• **Goal of the exercise**: Which lines run from the line with "medicinal plants bottled for sale" to the end of the entries? Write out exactly those, leaving out the pictures.

• **Material for this exercise**:
********************

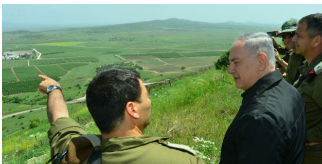
Israeli Prime Minister Benjamin Netanyahu convened the Israeli cabinet for a historic meeting on the Golan Heights in April 2016.

On April 17, 2016, Breaking Israel News reported that on Sunday, April 10, 2016, Israeli Prime Minister Benjamin Netanyahu convened the Israeli Cabinet for the first time ever on the Golan Heights. As the international community began to talk about a settlement to appease Syria in a cease fire of the ongoing civil war in Syria, the world, including some in President Barack Obama's administration, were talking about forcing Israel to surrender the strategic Golan Heights to Syria. In response to this, Prime Minister Netanyahu wanted to send a very strong message to the world. At this Israeli cabinet meeting on the Golan, He said: "I convened this celebratory meeting in the Golan Heights to send a clear message: The Golan will always remain in Israel's hands. Israel will never withdraw from the Golan Heights. ... Whatever happens on the other side of the border, the border itself will not move. Secondly, after 50 years it is time that the international community realized that the Golan will remain under Israeli sovereignty."
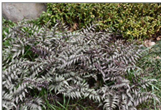
Pewter Lace Painted Fern
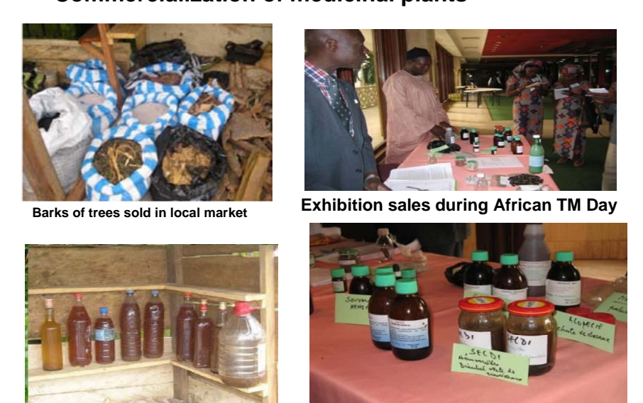
medicinal plants bottled for sale
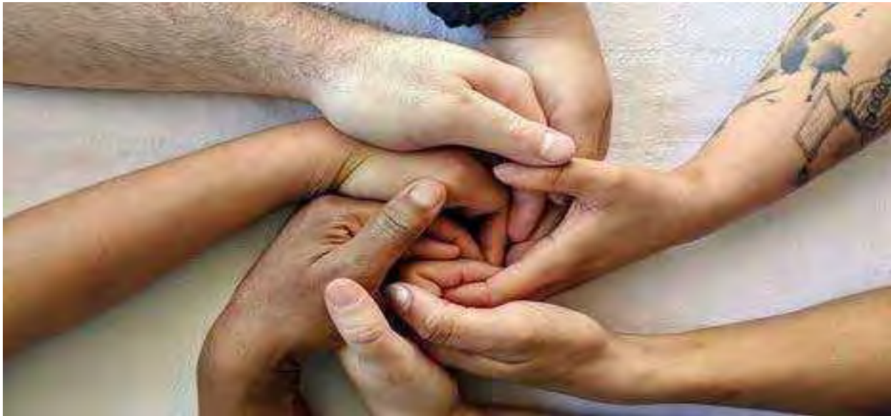
Image: Elizabeth Grady Massage Therapy Students display the tools of their craft.
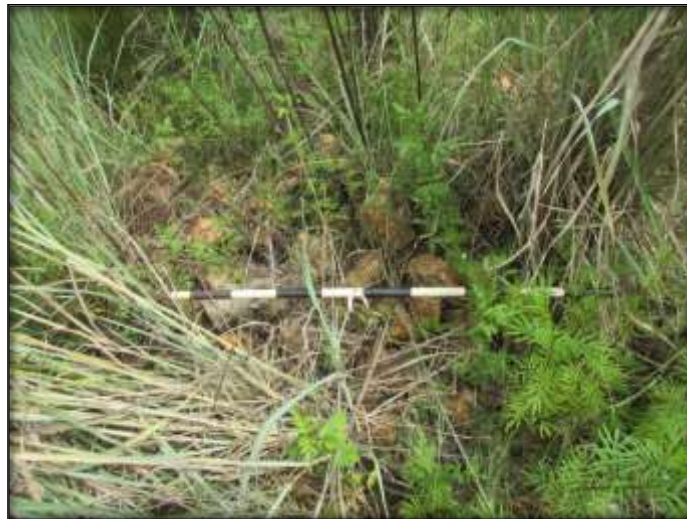
Fig.16: One of the stone-packed graves at Site 2.
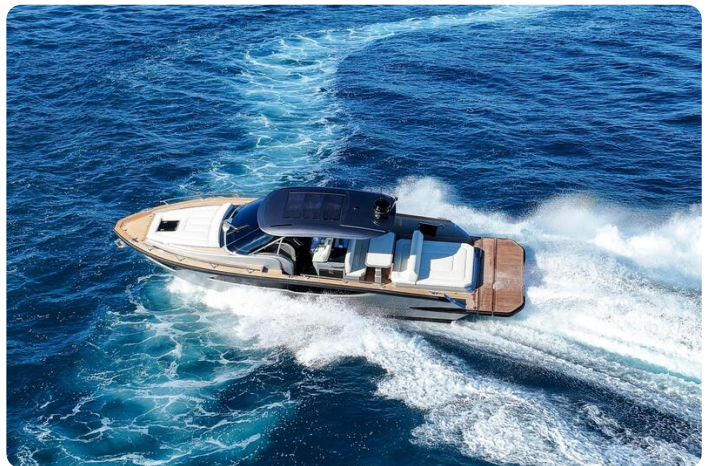
Focus Forza 37
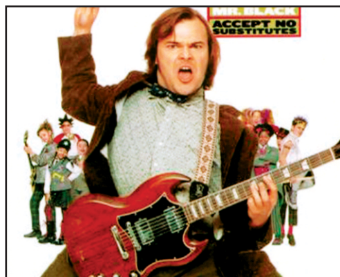
The School of Rock On HBO at 09:30 pm Genre: Comedy Cast: Jack Black, Joan Cusack

All programmes are in local time. The Daily Star will not be responsible for any change in the programme.

********************

• **Output of the exercise**:
medicinal plants bottled for sale
Image: Elizabeth Grady Massage Therapy Students display the tools of their craft.
Fig.16: One of the stone-packed graves at Site 2.
Focus Forza 37
The School of Rock On HBO at 09:30 pm Genre: Comedy Cast: Jack Black, Joan Cusack

All programmes are in local time. The Daily Star will not be responsible for any change in the programme.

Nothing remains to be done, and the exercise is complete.